INP-WealthPk

Record revenue, fiscal discipline stabilize economy in Q1FY2025

November 08, 2024

Moaaz Manzoor

Pakistan’s economy has seen increased stability in the first quarter of Fiscal Year 2024-25 (Q1FY2025) due to robust revenue collection and gradual fiscal consolidation, reports WealthPK.

Notably, the fiscal deficit shrank to 0.7% of GDP

compared to 0.8% in the same period last year, reflecting the government’s efforts towards prudent fiscal management, shows the finance ministry’s monthly economic update and outlook for October 2024.

Source: https://www.finance.gov.pk/economic/economic_update_October_2024.pdf

The federal revenues showed substantial growth, as the primary balance reported a surplus of 0.05% of GDP, reflecting positive fiscal adjustments. Tax collection by the Federal Board of Revenue (FBR) also performed exceptionally well; during July-September FY2025, net tax collection increased by 25.5%, reaching Rs2,562.9 billion compared to Rs2,041.5 billion in the same period last year. In September 2024 alone, tax collections surged by 32.7% to Rs1,107 billion from Rs834 billion in September 2023. The outlook for inflation is promising as well. The report anticipates a decline in inflation, predicting a range of 6-7% for October and a further decrease to 5.5-6.5% by November.

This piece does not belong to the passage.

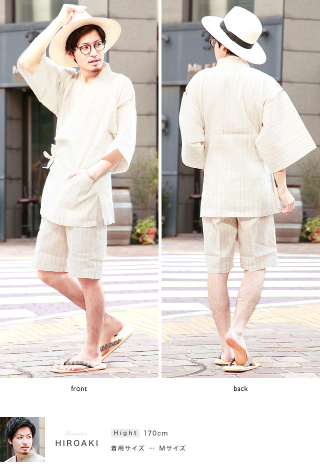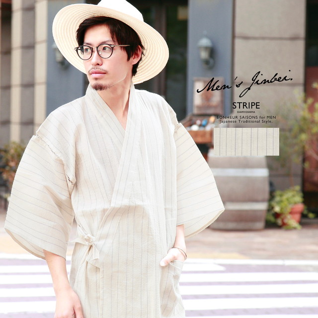 夏のカジュアルな装いにオススメな、「ボヌールセゾン」のメンズ甚平です。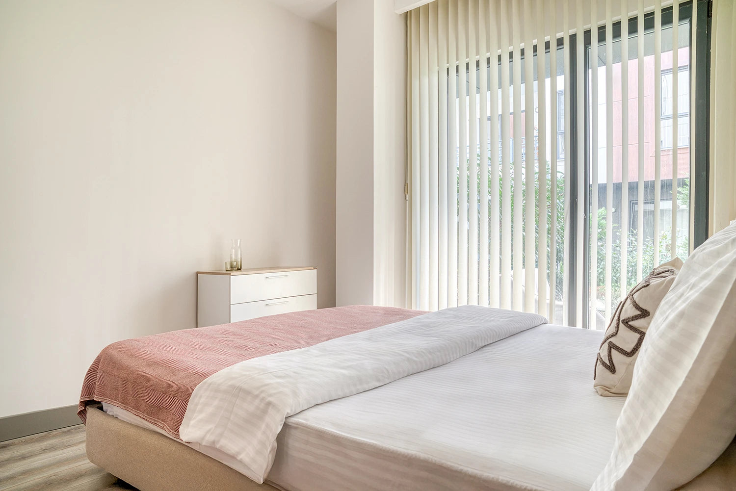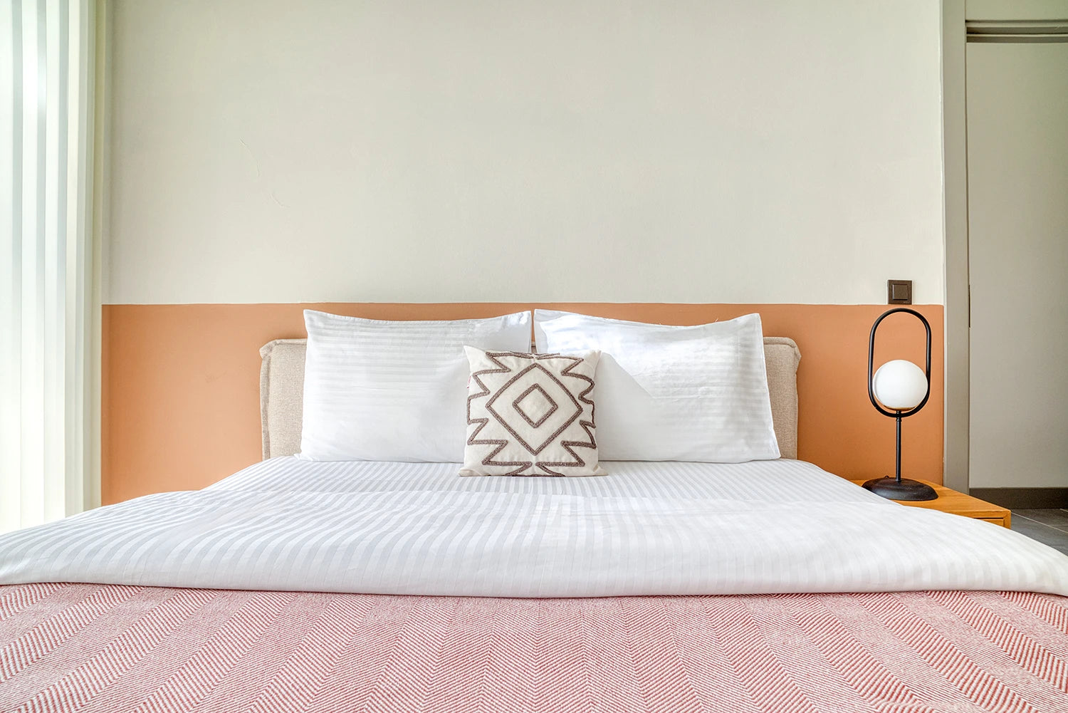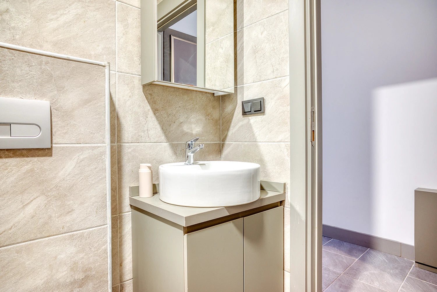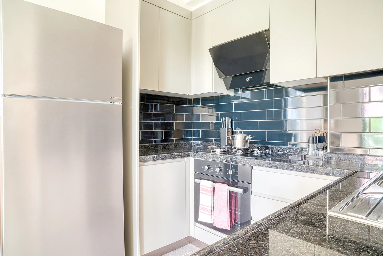 918 numarada bulunan bu 36,0 m²'lik daire, kompakt bir alanda özenle tasarlanmış bir yaşam alanı sunmaktadır. Tek katlı dairede bir yatak odası, bir banyo ve bir oturma odası bulunmaktadır ve her alan maksimum verimlilik için özenle planlanmıştır. Blend+R markasının doğa dostu ve sürdürülebilir ürünleri de kullanılarak dizayn edilen evimizde, oturma odası, evin kalbi olarak işlev görür ve ahşap konsolun üzerine monte edilmiş büyük bir düz ekran TV'nin bulunduğu şık bir eğlence merkezi ile donatılmıştır. Alan, rahat bir köşe kanepe, yuvarlak bir sehpa ve ahşap görünümlü zemine görsel bir ilgi katan desenli bir halı ile süslenmiştir. Dikey panjurlu büyük pencereler, bol miktarda doğal ışık ve çevredeki yeşilliğin manzarasını sunar. 11,0 m² büyüklüğündeki yatak odası, çift kişilik yatak, aynalı kapaklı gömme dolaplar ve komodin ile rahat bir dinlenme alanıdır. Tavandaki sarkıt lamba odaya sıcaklık katarken, bir başka büyük pencere doğal aydınlatma ve dış mekan manzarası sunar. Banyo, kompakt olmasına rağmen modern armatürlerle verimli bir şekilde tasarlanmıştır. Duvara monte tuvalet, cam kaplı duş ve çamaşır makinesi ile mevcut alanın akıllıca kullanıldığını gösterir. Dairenin genelinde, bej duvarlar ve sıcak ahşap tonları uyumlu bir atmosfer yaratarak nötr ve sakin bir renk paleti oluşturur. Saksı bitkileri, iç mekana doğanın dokunuşunu getirerek genel ambiyansı zenginleştirir. Klima üniteleri yıl boyunca konfor sağlarken, mobilyaların ve ev aletlerinin stratejik yerleşimi, bu iyi donanımlı küçük dairenin işlevselliğini en üst düzeye çıkarır.

This improvement is attributed to the reduced global commodity prices and cumulative effects of fiscal consolidation. Dr. Nasir Iqbal, Acting Dean and Head of Macro Policy Lab at the Pakistan Institute of Development Economics (PIDE), noted that the shrinking fiscal deficit is indeed a positive signal. However, he cautioned that this fiscal improvement was partly due to Pakistan’s current slow economic growth rate, which stood at around 2%. Sluggish economic activities have contributed to lower deficit levels and a more balanced current account due to the restricted imports. Dr. Iqbal pointed out that Pakistan’s fiscal stability is heavily reliant on oil-based revenue sources, which, while beneficial in the short-term, could pose risks if the oil prices fluctuate.

The forthcoming months will be crucial for sustaining economic stability as Pakistan remains under the IMF program, which mandates careful management of expenditures and subsidies. Dr. Iqbal expected that rationalized fiscal measures, along with potential revenue from privatization efforts, would provide further stability. He also mentioned that Saudi Arabia, Qatar, and other Gulf countries have expressed investment interest — a development that can boost market optimism. Nevertheless, he underscored that the stability of Pakistan’s exchange rate remained pivotal. He stated that the currency’s future trajectory will significantly impact fiscal stability, especially if the exchange rate adjustments materialize as forecast. The October outlook portrays an optimistic, albeit cautious, view of Pakistan’s economic stability.

Fiscal adjustments and revenue growth, particularly in non-tax revenues from petroleum levies, have provided short-term relief, but reliance on volatile oil prices suggests that structural reforms are necessary for sustainable growth. Continued fiscal consolidation, foreign investment, and stabilization of the exchange rate will be vital in ensuring Pakistan’s economic resilience in the coming months. The government’s current measures indicate a potential path toward growth, yet the materialization of these efforts remains dependent on external factors, including global oil prices and ongoing IMF reforms.